Morgan shook his head. "Same old stuff. The fuse is lying right out
there in the open, inviting somebody to light it. Francis had the radio
on, and to hear the commentators tell about it, this little two-bit
planet is scheduled to blow up any minute now." He grinned a little
sickly. "It's funny."

 

 

"What's funny?"

 

 

"I don't know. Up here, on this nice, remote, clinically clean mountain,
it's hard to get excited about this cold war. But I was down in San Dipgo
last night -- and it's different. The place is like a morgue, most of the
lights are out. And that suits me fine!"

 

 

David stared at him, and Morgan grinned. "Professionally, I mean. Or, to
repeat the old saying, it's an ill wind that blows no good. And I'll show
you why." He reached into a box he had brought from the observatory and
took out a number of photographic plates. "Here. Take a look at these,
Dave. Developed 'em a couple of days ago."

 

 

David picked up a plate, looked at it. It didn't look like much, a few
faint smudges of silver granules on a film of gelatin. "You haven't got
it labeled, Joe. What is it?"

 

 

"Messier 31. One of our more skittish island universes, way about beyond
the suburbs of our own star system. You see how clear it is?"

 

 

David nodded, and Morgan picked up another plate, gave it to him.
"Here's the same thing, taken months ago, before the lights went out
in Dago."

 

 

This spectrograph plate was fogged. "Mostly the scattered blue light of
mercury," explained Morgan. "From the advertising signs in San Diego.
It's been ruining our plates. Remember the last mess with the 100-inch
eye at Mount Wilson? Los Angeles was growing too fast for the observatory
there. The lights began to creep way out in the suburbs, making a nebula
of their own and cluttering up the sky. That white, acrid haze they called
smog climbed right over Mount Wilson, dimming the sky nebulae." David
returned the plate to Morgan, and he restored it to the box. "And now
we've got the same thing, Dave. San Diego's grown almost as big as Los
Angeles in the last ten years, and conditions have been getting worse
every day because of those damned lights."

 

 

"I know," said David. "I went down into Dago with the Old Man when he
delivered a speech before the San Diego-California Club, complaining
about the new neon and electric signs they were putting up.

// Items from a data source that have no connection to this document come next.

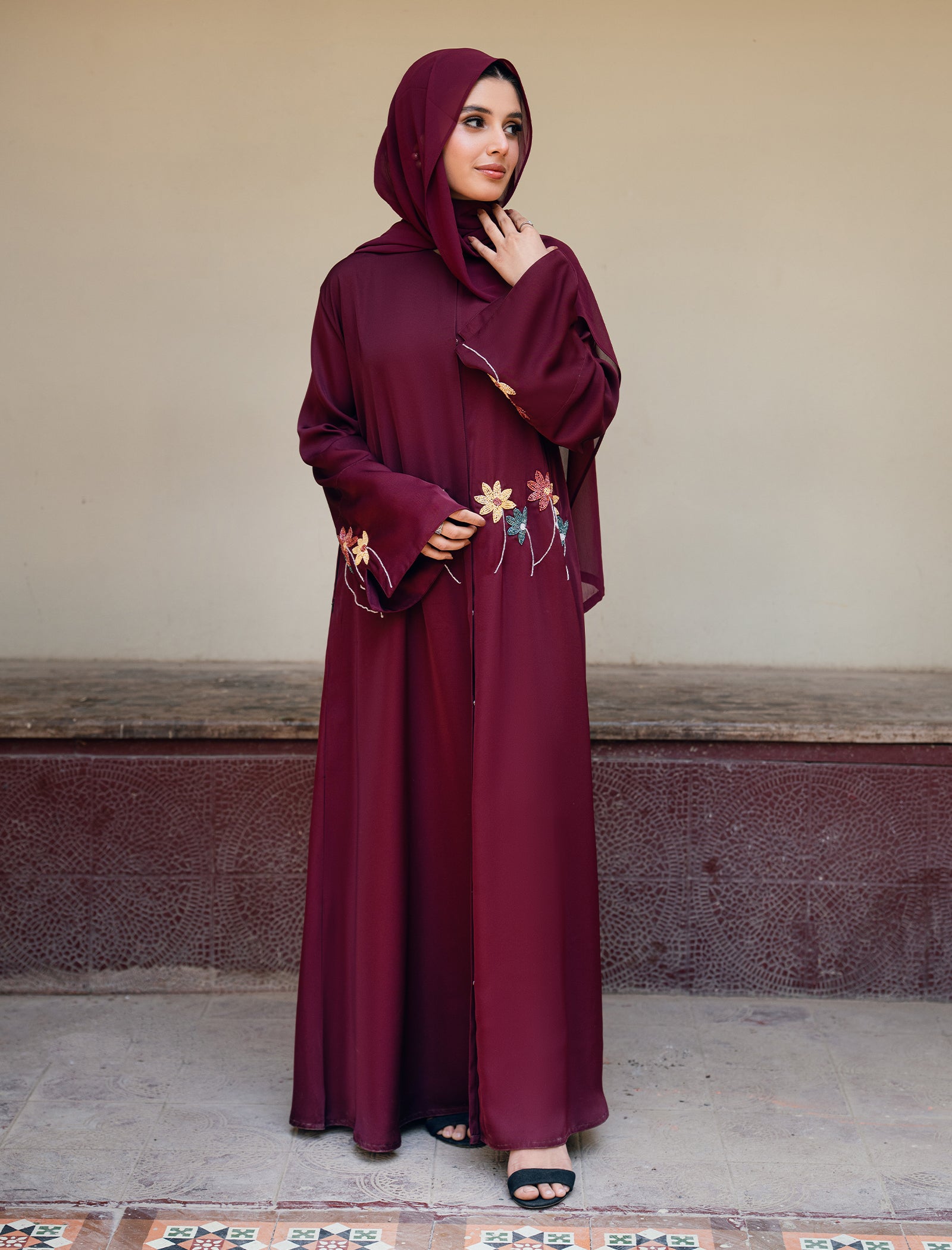 This maroon abaya features finely crafted floral handwork that adds a subtle pop of color to its timeless, fluid silhouette.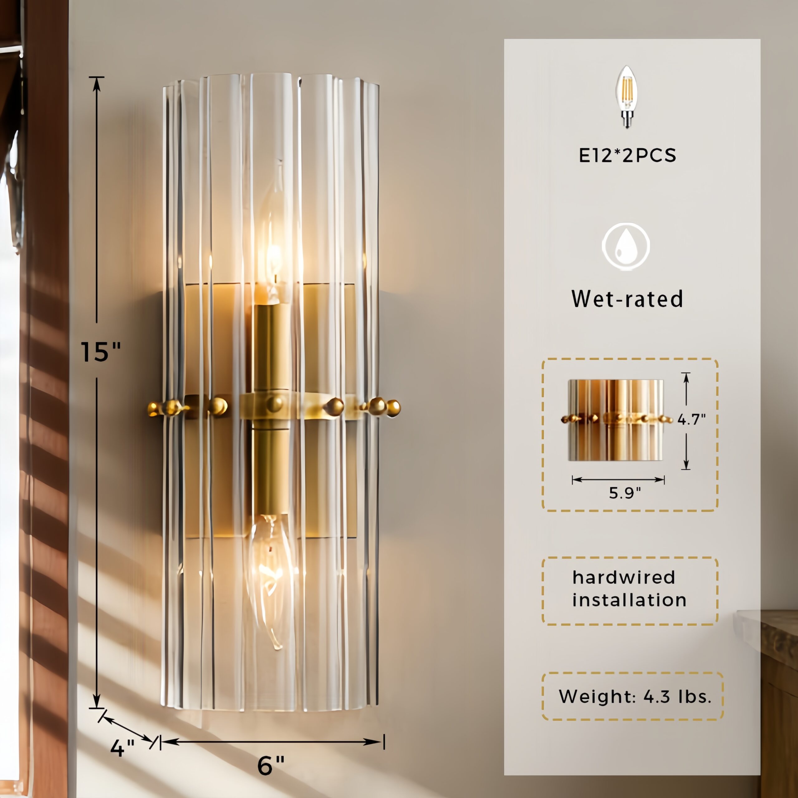 - Dimensions: The overall dimensions of the sconce are 6″ wide x 4″ deep x 15″ high, with a backplate measuring 4.5″ wide x 3″ deep x 6″ high, making it a perfect fit for various wall spaces.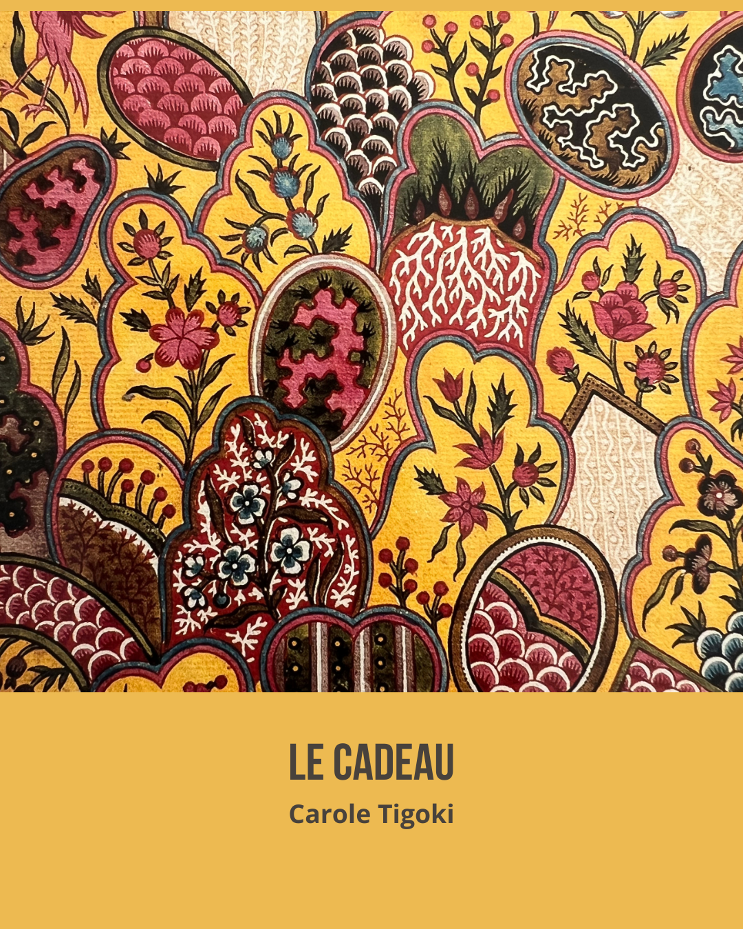 J’observais l’étoffe de long en large, essayant de comprendre les motifs, le dégradé de couleur. Ces formes abstraites aux coloris floraux et fruits ne me plaisaient définitivement pas, ni cette couleur jaune dominante. J’aurais aimé des scènes galantes : une femme au parapluie, un chasseur qui regarde le gibier, des enfants poursuivant un cerf, dans un subtil camaïeu de bleu, rouge, brun, noir jaune. J’en fis part à Camille.

Asked them
for an ordinance to stop it."

 

 

"And what did they say?"

 

 

"Oh, they were very polite about it. But they said the Old Man was asking
too much, he was trying to stop progress."

 

 

"And what did the Old Man say?" asked Morgan.

 

 

David grinned. "You should have been there, Joe. It was wonderful. The Old
Man really laid into 'em. Told them that if they were more interested in
advertising sausages and soap and the latest movie epic than in finding
out the secrets of the universe, then they could have it. If that was
progress, he told them, he was going back to his mountain, where the
air was clean, and never step off it again. Then he walked out."

 

 

"Well," said Morgan thoughtfully, "the Old Man got his wish about the
lights. They've gone out here, and everywhere else, and God knows if
anyone'll ever get a chance to turn 'em on again. And if that's progress,"
he added a little bitterly, "we'd better start retreating backward,
damned quick!"

 

 

The phone rang, and David answered. It was Francis, the steward, calling
from the observatory.

 

 

"Dr. Dawson wants you in his office right away. Dr. Hughes."

 

 

David frowned. It was only eleven-thirty in the morning, an unusual hour
to get a call from the Old Man.

 

 

"What's up, Francis?"

 

 

"I don't know, sir." The steward sounded excited. "General Hawthorne is
due here at any moment. He's flown in from the East, and it's some kind
of extraordinary conference. I've never seen Dr. Dawson so agitated."

 

 

"And you're sure he wants me there?"

 

 

"Yes, Dr. Hughes. At once!"

 

 

Francis hung up, and David, puzzled, told his roommate briefly what
had happened.

 

 

Morgan was impressed. "Sounds like big stuff, Dave. Hawthorne's head of
military intelligence and the key figure in this whole cold war setup
right now. If he says the Russians are about to let us have it, then
we'll try to beat them to the punch. One word from him, one opinion,
and the dynamite goes off, all hell breaks loose. And he wouldn't be
traveling to Palomar, right in the middle of this witch's brew, just to
pass the time of day."

 

 

David agreed soberly. "But this is high-echelon stuff. Why does the Old
Man want me there?"

 

 

Morgan shrugged. "You're his first assistant -- number one boy. And the
Old Man must have his reasons. All I'm sure of is that this meeting
isn't going to be a love feast. You know how the Old Man feels about
Hawthorne and the rest of the brass. And that goes, vice versa."

 

 

A half-hour later David was closeted with the general and Dr. Dawson in
the Old Man's study.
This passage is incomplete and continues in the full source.